The UN Convention on the Rights of the Child

 

The UN Convention on the Rights of the Child

The Convention, recognises for the first time that all children have full civil, social, political, cultural and economic rights, which must be promoted and protected by all. The agreement formulates principles valid worldwide in the approach to children regardless of social, cultural, ethnic or religious background. Since then, children, boys and girls are recognised as persons and citizens with rights, able to actively participate in family, social, cultural and civic life.

The Convention was ratified by Italy on 27 May 1991 with Law No. 176, thus becoming State law and fully applicable in Italian territory. Today, 196 states have ratified the Convention. Worldwide, only the United States has not legally bound itself to respect the rights recognised by the Convention.

The Convention consists of 54 articles and the text is divided into three parts:
  • the first part contains the enunciation of rights (Arts. 1-41);
  • the second part identifies the bodies in charge and the modalities for the improvement and monitoring of the Convention (Arts. 42-45);
  • the third part describes the ratification procedure (Arts. 46-54).
The Convention provides for 4 fundamental principles, which must inform all the articles stated:
  • Non-discrimination (Art. 2): the rights enshrined in the Convention must be guaranteed to all persons who are minors, without distinction as to race, sex, language, religion, opinion of the child, girl or boy, or of the parents.
  • Best interests (Art. 3): In every decision, law, policy, measure, or public or private initiative, the best interests of the child must be considered and given priority.
  • Right to life, survival and development (Art. 6): States must commit the maximum available resources to protect the life and healthy development of children, including through international cooperation.
  • Listening to the views of the child (Art. 12): Children must be heard in all decision-making processes affecting them, and their perspectives, ideas and opinions must be taken into account.

To the UN Convention on the Rights of the Child three Optional Protocols are added, on specific topics. The first Optional Protocol concerns the sale, prostitution and pornography representing persons under the age of 18. The second Optional Protocol concerns the involvement of underage persons in armed conflicts. The third Protocol, on complaints procedures, provides, for the first time, remedies against violations of the fundamental rights of underage persons recognised by the CRC and the other two Optional Protocols, and will enable the defence of the rights of underage persons through the submission of reports or actual complaints to the UN Committee on the Rights of the Child, based in Geneva.

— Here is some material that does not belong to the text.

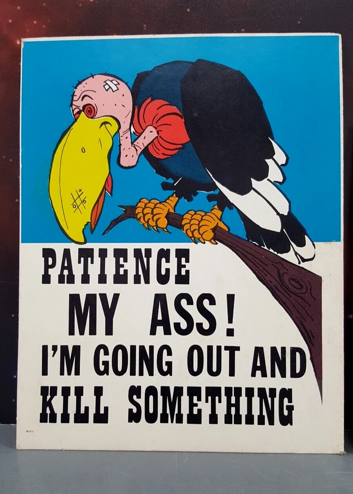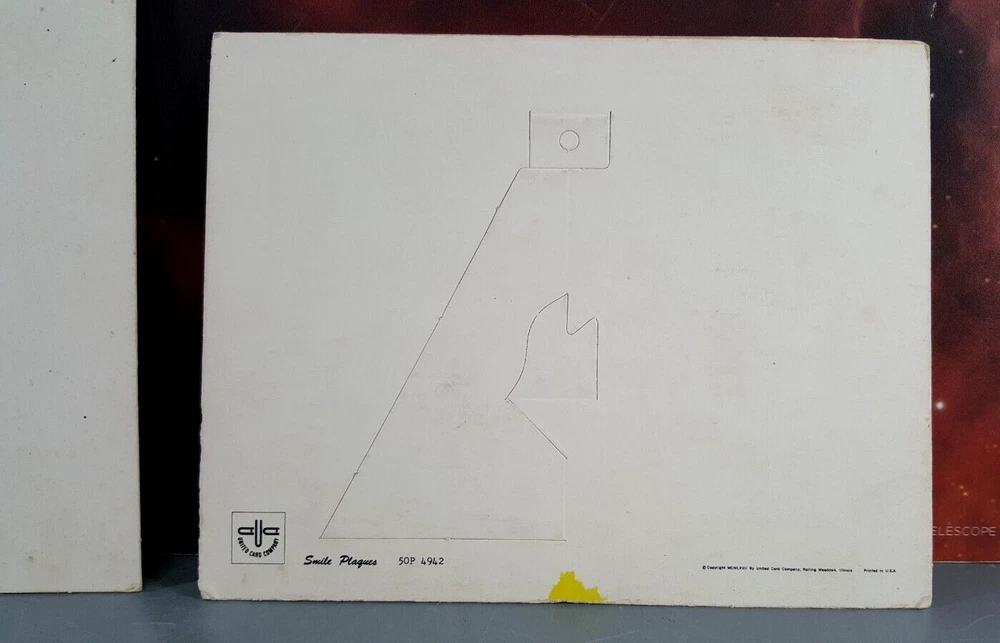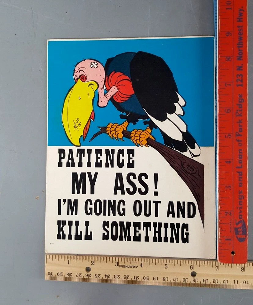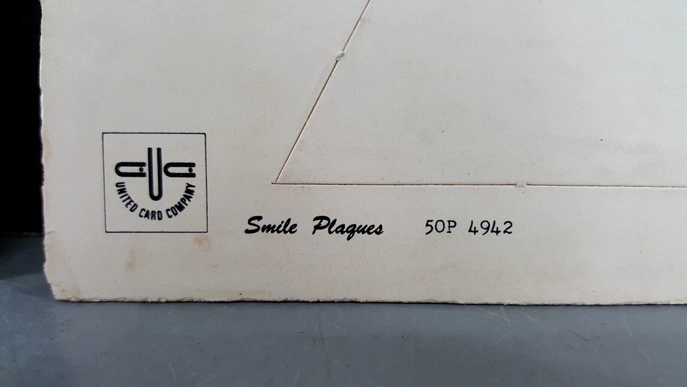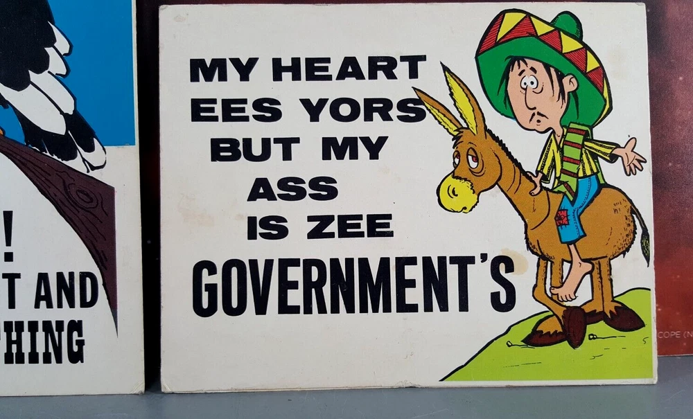UNITED CARD COMPANY SMILE PLAQUES CARDBOARD STAND UP SIGNS CARDS LOT 2 USA VTG Up for your consideration is this Very Unique LOT OF 2 Vintage United Card Company "Smile Plaques" made in 1967. These are made of thick cardboard / cardstock and have both the options of being hung or stood up for display. They are both in overall excellent vintage condition with bright graphics. The stand up legs have never been used or popped out from the back. One reads "My Heart Ess Yors But My Ass Is Zee Government's" with a man of Spanish descent on a donkey. The other card reads "Patience My Ass! I'm Going out and Kill Something" with an image of a vulture on a tree branch. These are really cool vintage signs and an extremely rare find, great for any collector. Please be sure to see all the other items we have listed. With over 1,800 items currently running and new ones added daily some people find more than one item that they may be interested in. If you like this and any other items we have, we often make custom listings, with a Quantity Discount AND Combined Shipping to save you money. Just send us a wish list to see what kind of awesome deal we can offer you. No obligation at all - if your not thrilled - you can just pass on it. FEATURES: True Vintage dated 1967. LOT OF 2. Printed by United Card Company in Rolling Meadows, IL USA. Bright and Colorful Graphics with funny phrases. Both measure 9x7. Can be hung on the wall or displayed standing up using the fold out stand. Overall Excellent Vintage Condition ADD. INFO: N/A INCLUDED: The actual LOT OF 2 Vintage "Smile Plaques" Cardboard Signs pictured. NOT-INCLUDED: No original box, packaging, or paperwork. No props used for size reference. BRAND: United Card Company LABEL: Smile Plaques DIMENSIONS: Each sign measures 7" wide x 9" tall. COLOR: Multi Colored Images and Black Lettering on White Cardboard TYPE: Collectible Signs, Smile Plaques, LOT OF 2 MODEL #: 50P 4911 and 50P 4942 COPYRIGHT DATE: 1967 CIRCA: 1967 COUNTRY: USA MATERIAL: Cardboard / Cardstock CONDITION: This LOT OF 2 comes to you in overall excellent vintage condition. As you can see in the pictures there is some wear around the edges and one of the signs has a small yellow spot on the back. Aside from that these are in excellent shape. The images are still bright and vibrant and the stand on the backs have never even been popped out. AUTHENTICITY and your SATISFACTION are UNCONDITIONALLY 100% GUARANTEED!!! Once you get it - if you are not thrilled just let me know - I gladly accept returns. Check my feedback and buy with complete confidence I have been selling on eBay everyday since 2001. SHIPPING DETAILS: The buyer pays for securely packed EXPEDITED shipping. It will include tracking and insurance. For premium services delivery to your address will usually take between 3 to 5 days. I will always combine shipping to save you money whenever possible, just email us to let us know. Please be sure to click on the shipping tab to compare rates and see all of the options available for shipping, some options cost less than others. SHIPPING CONDITIONS: *** Please Take Note!!! When paying we can ONLY ship to the address that is included with your payment . If you need it sent to a different address please change that PRIOR to making payment. We can no longer change the ship to address. LOC: B 2 #4 You really like the thing, but not so much the price... I find cool stuff, do some research and list it for what I think it's worth. Sounds pretty simple but sometimes not. So if this is something you really like but its a bit more than you had hoped to pay, then be sure to watch this because I can't send it to the bank, and if it ends without a buyer chances are good that I will drop the price and re-list it until it does sell! Two things for sure - it will get sold sooner rather than later, and that's better for both of us. International Buyers We will ship to most, but not all locations around the world. We use Priority Mail, and it will include full insurance and delivery confirmation. Unfortunately we do not ship using first class international mail because there is no insurance available. "Import Duties", "Tariffs" and "Taxes" are NOT included in the item price or shipping charges. These charges are imposed and collected by your country and are your responsibility. Please check with your country's customs office to determine what these additional costs (if any) will be prior to bidding/buying. These charges are normally collected by your customs office when you pick the item up or upon delivery ? please do not confuse them with shipping charges, they are not. Buyers using the Ebay Global Shipping Program will be shown these cost prior to purchase. We can NOT reduce the value on the "Customs Forms". The sales prices is automatically entered and also sets the maximum amount that the item can be insured for. We can not mark items purchased by you as "gifts". Some countries restrict or prohibit the import of certain items such as currency - jewelry or animal parts such as teeth, claws, horns or shells from many creature on the endangered specie list. The lists varies widely and changes often. It is your responsibility to check and make sure your country allows this specific item to be imported by you. We take a great deal of pride in our feedback rating and never want you surprised by anything you get from us. PLEASE If there is ever an issue, all we ask is that you give us an opportunity to address it BEFORE leaving feedback. Overall General Condition New Excellent Very Good Good Fair Poor Appearance Brand new and never used. No visible flaws in appearance. First quality, suitable for a gift. Like new condition. Upon close inspection some very minor signs of use or wear, but no serious flaws. Obviously used but kept in great conditional and well cared for. Expected normal signs of wear but no abuse. Clearly used allot, enough to cause significant signs of wear. See item description for more details

Italy has ratified all three Optional Protocols, thus being fully applicable in Italian territory.

Founded in 1979 by Nigel Cantwell and Canon Moerman, the global movement Defence for Children International actively contributed to the drafting process of the Convention on the Rights of the Child (CRC), which was adopted on 20 November 1989 at the United Nations General Assembly.

Defence for Children International positions itself as one of the leading movements for the Rights of the Child, overseeing and promoting the effective implementation of the United Nations Convention on the Rights of the Child (UNCRC) at local, national and international levels. Our vision is for every child, boy and girl everywhere to lead an existence in which they can enjoy their human rights with dignity, in a just and responsible society. In everything we do, we aspire to work in a transparent, accountable, sustainable and socially transformative way.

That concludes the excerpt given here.